#### [TASK ITEM]
Drop the pictures; give again exactly the lines from the one holding "Ці іспанські шахи" through the end of the data.

#### [SOURCE DATA]
====

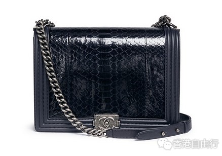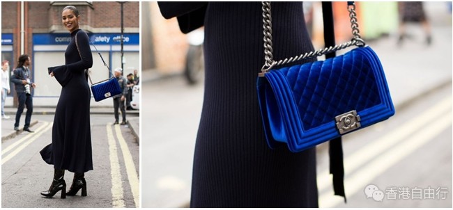 最近流行丝绒元素,运用在手袋上更加抢眼,摩登外型的Boy Chanel搭配宝蓝色丝绒更添华丽感,一件素色简约的连身裙配搭这个手袋,就能抢眼无比。
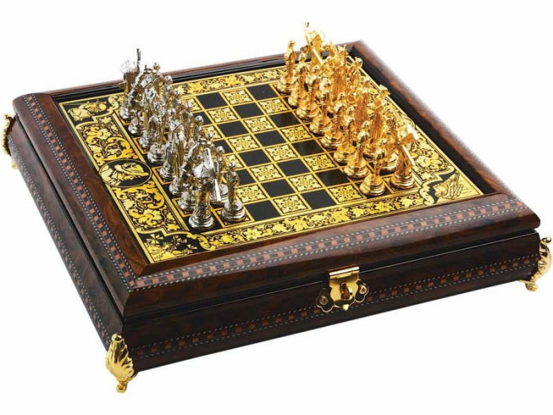 Ці іспанські шахи – це шедевр ювелірного мистецтва. Цінні породи дерева інкрустовані золотом та сріблом у мавританському стилі. Фігурки – мініатюри героїв безсмертного роману Сервантеса «Дон Кіхот». Будь-яка партія, зіграна у ці шахи, запам'ятається на все життя.
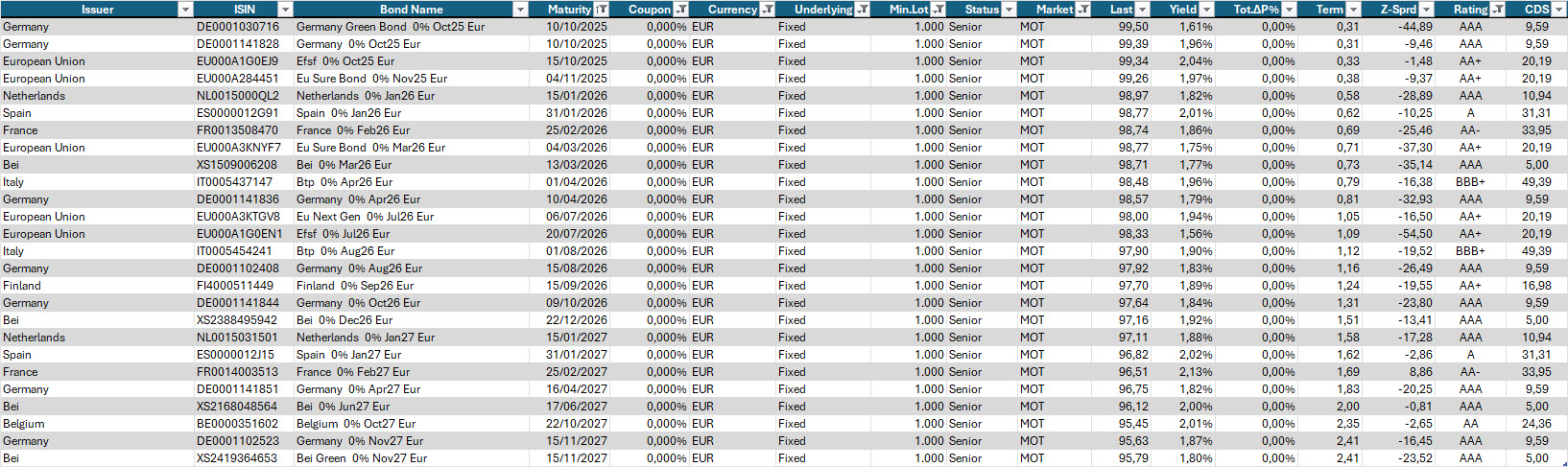 Qui sotto, a titolo di esempio una selezione di governativi con scadenza massima 2027 e potenzialmente utili per recupero minus. In alcuni casi l’emissione è stata addirittura sopra 100, per cui non c’è nemmeno imposta su disaggio di emissione.

====

#### [RESULT OF THE TASK]
 Ці іспанські шахи – це шедевр ювелірного мистецтва. Цінні породи дерева інкрустовані золотом та сріблом у мавританському стилі. Фігурки – мініатюри героїв безсмертного роману Сервантеса «Дон Кіхот». Будь-яка партія, зіграна у ці шахи, запам'ятається на все життя.
 Qui sotto, a titolo di esempio una selezione di governativi con scadenza massima 2027 e potenzialmente utili per recupero minus. In alcuni casi l’emissione è stata addirittura sopra 100, per cui non c’è nemmeno imposta su disaggio di emissione.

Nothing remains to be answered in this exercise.